His years on Ariel had been an education all senses of the word. He’d learned so much at the school, but so much more from his new classmates. Classmates who’d seen his intelligence, his quality, his ambition and nurtured it. Polished him to a shine and delivered him to the world. Delivered him to this clean, bright place.
He’d been recruited for this job right out of school. He’d been awed when the letter came, boasted to all his friends, and waved his parents with the good news. They’d been… disappointed. They’d truly believed he’d come home, waste his central planet polish on that backwoods moon, waste his days working for the same company his father worked for, waste his nights impregnating whatever uneducated girl they chose for his wife.
Instead he was here. He was doing important work, work for the government. He was working with some of the finest minds in the central planets, in the entire Universe. He was working with the most advanced equipment he’d ever heard of and even some that he’d never seen before. He was being paid more in a single year than his father saw in a decade.
And he never had to return to the dustbowl town he grew up in. Now this… this was truly paradise.
Fandom: Firefly
Prompt: A Fool’s Paradise
Warnings: None
Rating: G
Word Count: 527
Summary: A clean, white place.
It was so clean and white here. Nothing like home… nothing like the place I’d grown up. Mother had tried. Probably she’d tried. She’d always been busy at the stove, always mixing up a big stew or porridge to keep the family, the extended family and the occasional wandering tramp well fed. And wasn’t that a pleasant thing to come home to after a long day at school – a smelly hobo grinning idiotically and shovelling mush into his toothless mouth.

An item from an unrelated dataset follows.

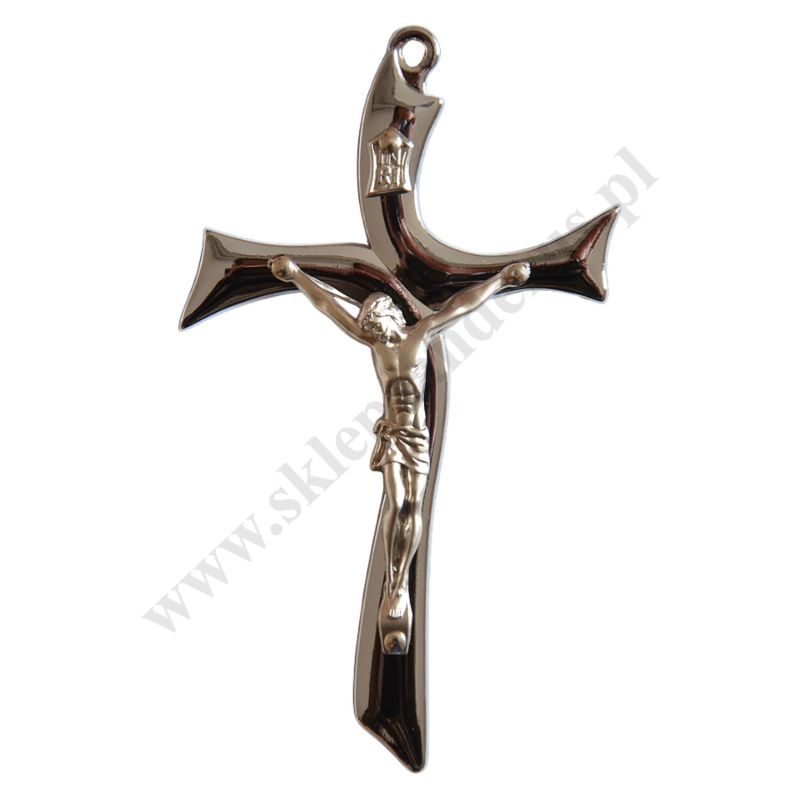 Metalowy krzyżyk o wysokości 10 cm i szerokości 5.7 cm.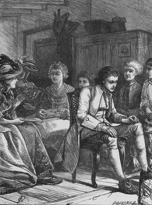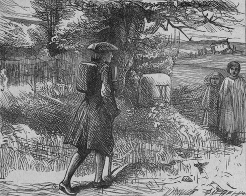 A small triumph, in the shape of an exhibition, worth some thirty shillings, induced the young awkward student to give a very humble kind of ball at his rooms. To this ball came an unexpected visitor in the shape of Wilder the tutor, who put the guests to flight, and publicly beat the host. Smarting under the disgrace, Goldsmith quitted the college, and was only induced, after a time, to return by the persuasions of his brother Henry, who brought about a reconciliation, or rather a truce, between Oliver and his tyrant. On the 27th of February, 1749, he obtained his B.A. degree, and, returning home, remained for a time idle and unemployed, looking out for the chance of a career. He presented himself for ordination and was refused; was a tutor in a private family, and left in consequence of a quarrel; was furnished with funds by Uncle Contarine to study law, lost his money, and appeared again at home destitute. At length, with some last assistance from the friendly uncle's purse, he started on a tour through Europe; travelling, not like the majority of British tourists in coach and on horseback, but on foot and alone, making his way from place to place, and studying men rather than science. Important, and rich in results for his whole future life, was this remarkable journey. And, among the most memorable of its effects was, that it suggested the poem of the "Traveller." Marvellously true were the views taken by the poor student of the various lands through which he passed; and remarkable were the words in which, in one of his early essays, he predicted the change that was coming upon France. Clearly and distinctly he heard the first far-off mutterings of the great revolutionary storm. He saw the growth and spread of the spirit of freedom among the people, and while others cried "peace" when there was no peace, he distinctly and clearly foresaw the great crash of revolution that was coming.

And Father had been no help, really. Mother and the children had adored him, his booming voice and ready laugh and constant playfulness. He’d been a good provider, I suppose. There was always plenty to eat, and I couldn’t fault his concern for my education. I’d gotten the best schooling I could on our tiny moon, and Father had been the one who found the scholarship that got me off to university on Ariel. But he’d never managed to control himself, and Mother was always in the family way, with the babies stair stepping down year after year. They’d might have been well-off and well-respected, had Mother not been so trapped by the babies, had all the money not gone to feeding the small army Mother and Father had single-handedly brought into the world.
They’d cried real tears when he left, all of them waving frantically, Mother, Father and all his sibs. They’d told him he would do wonderfully, not to worry if he felt homesick. They’d told him it would be a short four years and then he’d be back home with them, as if that was supposed to cheer him up. As if that was what he dreamed of.
He said nothing, just smiled and waved back, knowing this would never be his home again. This might be their paradise, but he had nothing in common with those fools.
His years on Ariel had been an education all senses of the word. He’d learned so much at the school, but so much more from his new classmates. Classmates who’d seen his intelligence, his quality, his ambition and nurtured it. Polished him to a shine and delivered him to the world. Delivered him to this clean, bright place.
He’d been recruited for this job right out of school. He’d been awed when the letter came, boasted to all his friends, and waved his parents with the good news. They’d been… disappointed. They’d truly believed he’d come home, waste his central planet polish on that backwoods moon, waste his days working for the same company his father worked for, waste his nights impregnating whatever uneducated girl they chose for his wife.
Instead he was here. He was doing important work, work for the government. He was working with some of the finest minds in the central planets, in the entire Universe. He was working with the most advanced equipment he’d ever heard of and even some that he’d never seen before. He was being paid more in a single year than his father saw in a decade.
And he never had to return to the dustbowl town he grew up in. Now this… this was truly paradise.